It is considered that there is a sufficient margin for improvements in the fuels used, in the technology applied for the analysis, and the incorporation of technologies in the use of renewable energies, as well as intelligent planning of routes and volumes, with the aim of contributing to the efficiency of logistics without departing from the objectives of conservation and improvement of ecosystems, and promoting the use of these models by companies, committing them to change.

Based on the health crisis due to the pandemic, we consider that we are at a good time to extract data that allows us to compare a pre-pandemic situation with high mobility, and a situation during the pandemic with reduced or limited mobility.

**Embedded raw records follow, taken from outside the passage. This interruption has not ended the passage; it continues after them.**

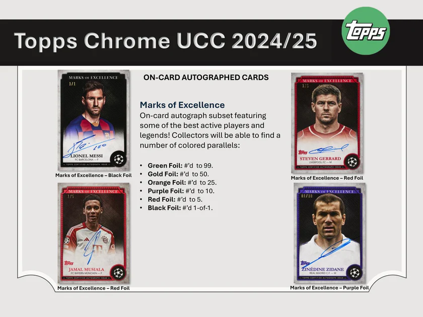 Autografy & rzadkość – Chrome Autograph, Dual, Triple, a nawet nowość: Chrome Quad Autograph Cards. W edycji znajdą się też autografy Wonderkids, autografy legend w “Marks of Excellence” oraz specjalne Quad Auto Pundits z autografami znanych komentatorów.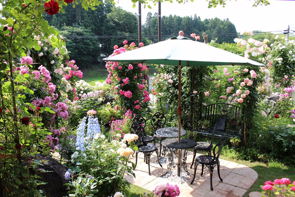 バラに囲まれた素敵な手作りのテラスでリラックスできそうですね。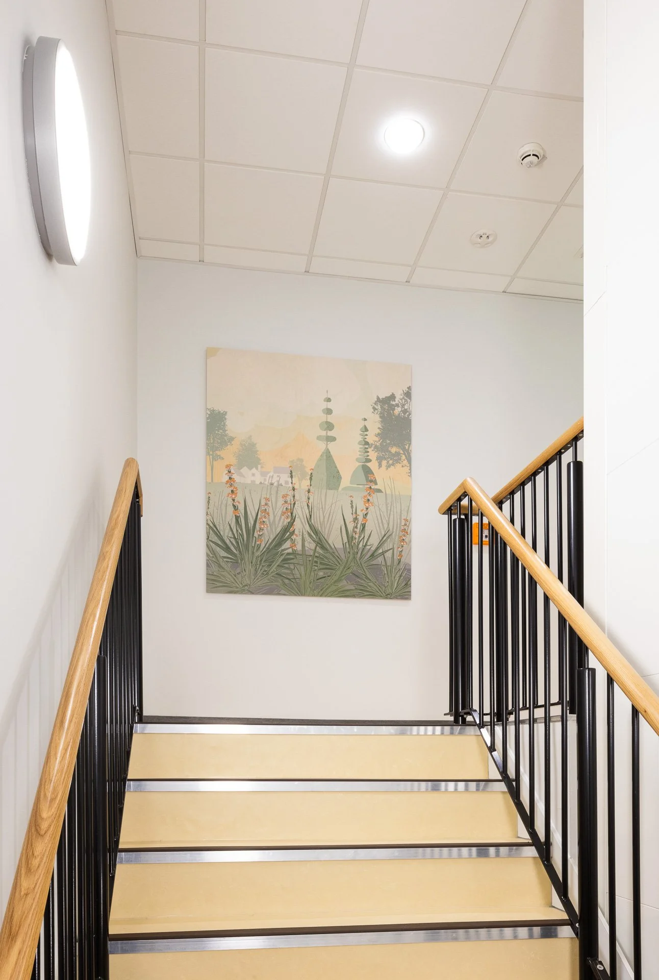 The artwork sits beautifully next to the wayfinding and reflects the colour palette. Care was taken to make sure the artwork looked ‘part of the wall’, rather than than placing rectangular blocks onto the wall.

The above would allow studying the variation of three elements such as:

1. Maritime traffic between the largest global terminals.

2. NO2, CO2 and SO2 emissions to the atmosphere.

3. Winds in height and mobility of air masses at a global level.

And from this, generate relevant information to extract data that allows creating a predictive model of:

1. Improvement of maritime routes.

2. Strengthening of the most used routes, with the understanding that according to the Paretto principle, 80% of the pollution produced by ships is generated by 20% of the movements (large vessels and terminals).

3. Inclusion of renewable energies and greener fuels in ship propulsion technologies.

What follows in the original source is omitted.